Interestingly the Edinburgh ad does not disclose hotel name and states that a bonus gift worth £10 will be provided on completion of the course.


----------



## Leo (12 Jan 2012)

They can not change the terms after the fact, so you are entitled to a refund.

Contact the Consumer Association for help/advice.
Leo


----------



## ClubMan (12 Jan 2012)

If you paid by credit card then if necessary inform your card provider and maybe ask them to do a charge back on the basis that you were done (if that is the case).


----------



## Brendan Burgess (14 Jan 2012)

OP

Well done.
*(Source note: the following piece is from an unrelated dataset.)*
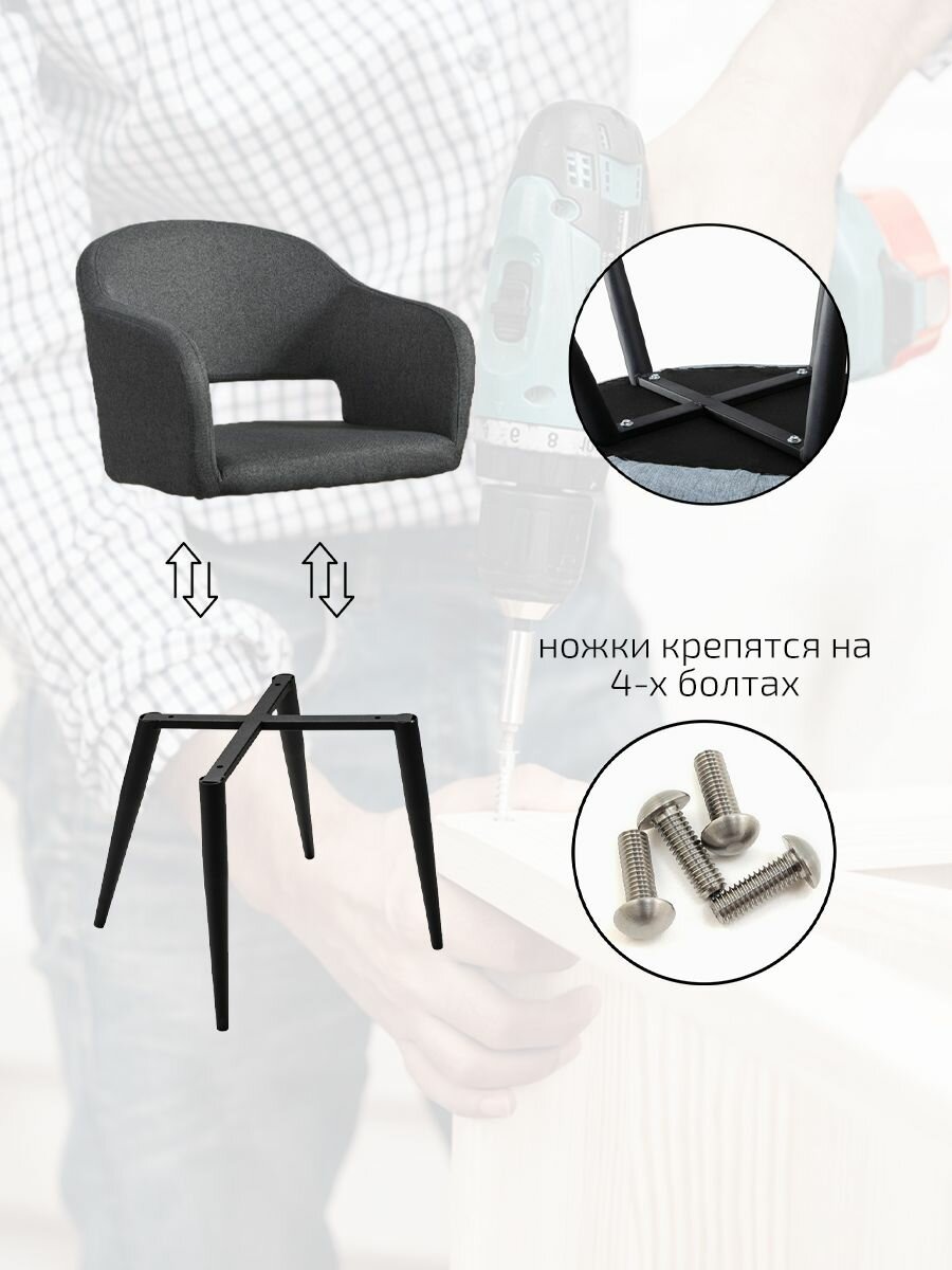 Стул для кухни премиум, стул кухонный Hugs Темно-серый + Черные ножки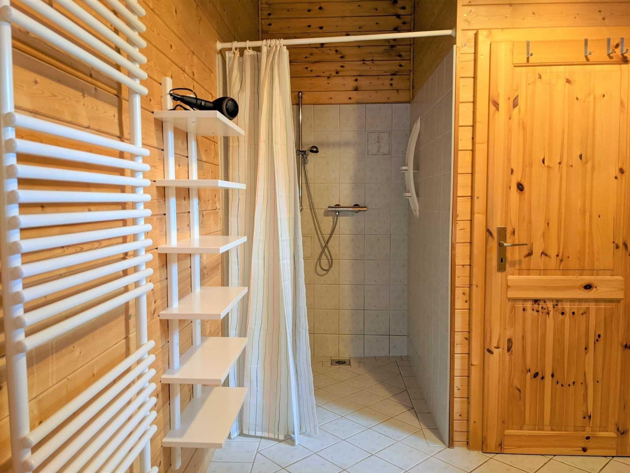 Das Holzhaus ist folgendermaßen ausgestattet: Komplett ausgestattete offene Küche (u. a. mit Induktionsherd und Backofen, Geschirrspüler, Kühlschrank, Kaffeemaschine, Wasserkocher, Toaster, Mikrowelle), gemütliche Essecke, Sofaecke mit Fernseher und Bücherregal, Schlafzimmer mit Doppelbett (1,80m x 2,00m), Schlafempore mit Doppelbett (1,60m x 2,00m) über eine Raumspartreppe erreichbar, großzügiges Bad mit ebenerdiger Dusche, Terrasse mit Sitzgelegenheit, großer Garten mit Sitzecke und Holzkohlegrill und Parkplatz auf dem eingezäunten Grundstück. Haustiere sind im Bungalow nicht erlaubt. Das Wäschepaket (Bettwäsche und Handtücher) kann für 25,00 EUR pro Person hinzugebucht werden.

Good coverage by Aideen Sheehan  in today's Indo

*Anger as ugly truth of beauty class 'deal' revealed *


AN online deals site has been forced to issue refunds on a beauty masterclass that turned out to be a cosmetic joke.


              Customers of discount offers website [broken link removed].com said the "professional make-up and hair masterclass with a [broken link removed] goodie bag" worth €342 turned out to be a raw deal.


In  total, around 2,000 of the discount deals, selling for €29, were  snapped up by Irish customers, netting the sellers a hefty €58,000.
But  now the expensive MAC make-up is no longer included, and the city  centre venue for the masterclass has been switched to an out-of-town  hotel.

The two women posted about their experience on consumer website  askaboutmoney.com and discovered that Blaze had attracted a great deal  of negative feedback internationally.

​
​​


----------



## ajapale (18 May 2012)

Issue raised again today.

aj
mod


----------